= Desh Ke Mentor =

Desh Ke Mentor is a programme started by the Government of Delhi with the main objective of connecting voluntary mentors with students of classes IX to XII of Delhi Government schools and nurturing them in education and career guidance. The mentors from various professional and academic backgrounds will be assigned a set of students to be trained in 2 to 6 months based on their gender and personal interests. Mentors are required to allot a weekly time of 10 minutes to train the students. The programme is expected to benefit nine lakh students each year.

== History and objective ==

Desh Ke Mentor programme was launched by Government of Delhi in October'2021 with the idea of connecting students of classes IX to XII of Delhi government schools with volunteers who chose to be mentors after fulfilling the eligibility criteria for the same. The programme is designed to facilitate young students with guidance on higher education and career choices and preparing them for various entrance exams and also teaching them on handling various pressures. Under the programme each mentor will be assigned 4 students based on their gender and skills in respective areas.

Bollywood actor Sonu Sood is chosen as Brand Ambassador. Various famous personalities like Olympian Ravi Dahiya, Singer Palash Sen, RJ Adi and Comedian Saloni Gaur were present during launch of the programme and interacted with students. Anyone can participate in the initiative launched by Directorate of Education under "Youth For Education" programme by giving a missed call on 7500040004 and downloading "Desh Ke Mentor" app.

Till January 2022, around 1,74,000 students have been mentored by 44000 mentors, among whom 500 members are from Indian Institute of Technology and Indian Institute of Management and 15,600 members are doing graduation or Doctors in Philosophy from reputed educational Institutes and around 7500 mentors are working in top posts of reputed organisations.

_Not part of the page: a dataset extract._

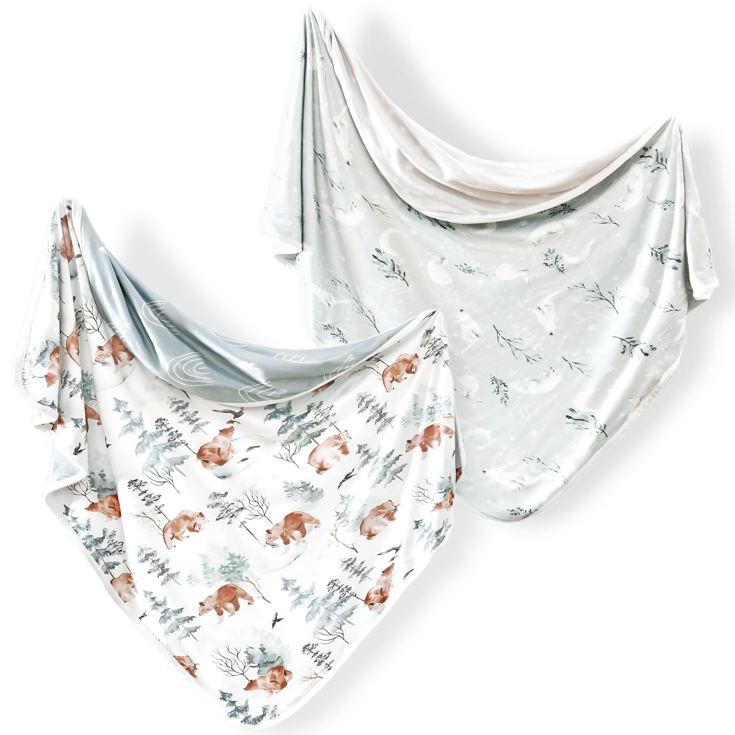GRSSDER Baby Blankets 2 Pack Super Soft Jersey Knit Swaddle Blankets for Baby Girls and Boys, Double Layer Receiving Blankets 34 x 44 Extra Large for Swaddling, Bear & Snow Wolf

== Mentor selection and requirements ==

Following are the requirements of Mentor under this programme:

- Through an Desh ke Mentor app created by Saarathi, in collaboration with the Delhi Technological University team, anyone in the age group of 18 to 35 years can register themselves.
- Fill the details on date of birth, educational qualification, nature of profession, work experiences in various organisation and sign with undertaking.
- Students connected with mentors on mutual interest basis.
- Mentorship includes regular contact over phone for two months to be extended to four months on optional basis.
- Mentors to complete a brief ‘psychometry test’ on a set of questions.
- On completion of registration based on mentors gender and interests, set of students are assigned.
- Each mentor to schedule weekly time of 10 minutes for the students allotted to them.
- Mentorship programme to run from two to six months. Initial two months are based on compulsory module and remaining four months to be optional.
- Mentors to be from various professional and academic backgrounds.
- Each mentor will be allotted 5 to 10 students categorised on gender and skill requirements of students.

== Concerns ==

Desh Ke Mentor faces following concerns from National Commission for Protection of Child Rights (NCPCR):

- Concerns on child abuse and safety after assigning to mentors.
- Concerns on lack of police verification of mentors.
- Concerns on Psychometric Test authenticity.
- Concerns on child abuse through phone.
- Even after parental consent, child safety is in responsibility of Delhi Government.

== Safeguards ==

Following protective measures which are already included in the program:

- Gender is the primary criteria. Hence female students will get female mentors only and male students will get male mentors.
- All Mentors will be verified via Aadhaar Verification System of UIDAI.
- All Conversation between student and their mentor will be recorded and audited periodically.
- All numbers will be masked, hence no sharing of Student / Mentors numbers. All calls will go through centralized IVR number.
- Psychometric tests designed by qualified professionals and team of professors.
- Respective police stations will do mandatory verification of mentors (In case of any suspicion).
- Offline meeting of mentor and students not allowed.
- Personal details of mentors and students will not be made public at any cost.
- Stringent safeguard mechanism system included in app. Robust grievance redressal system for students.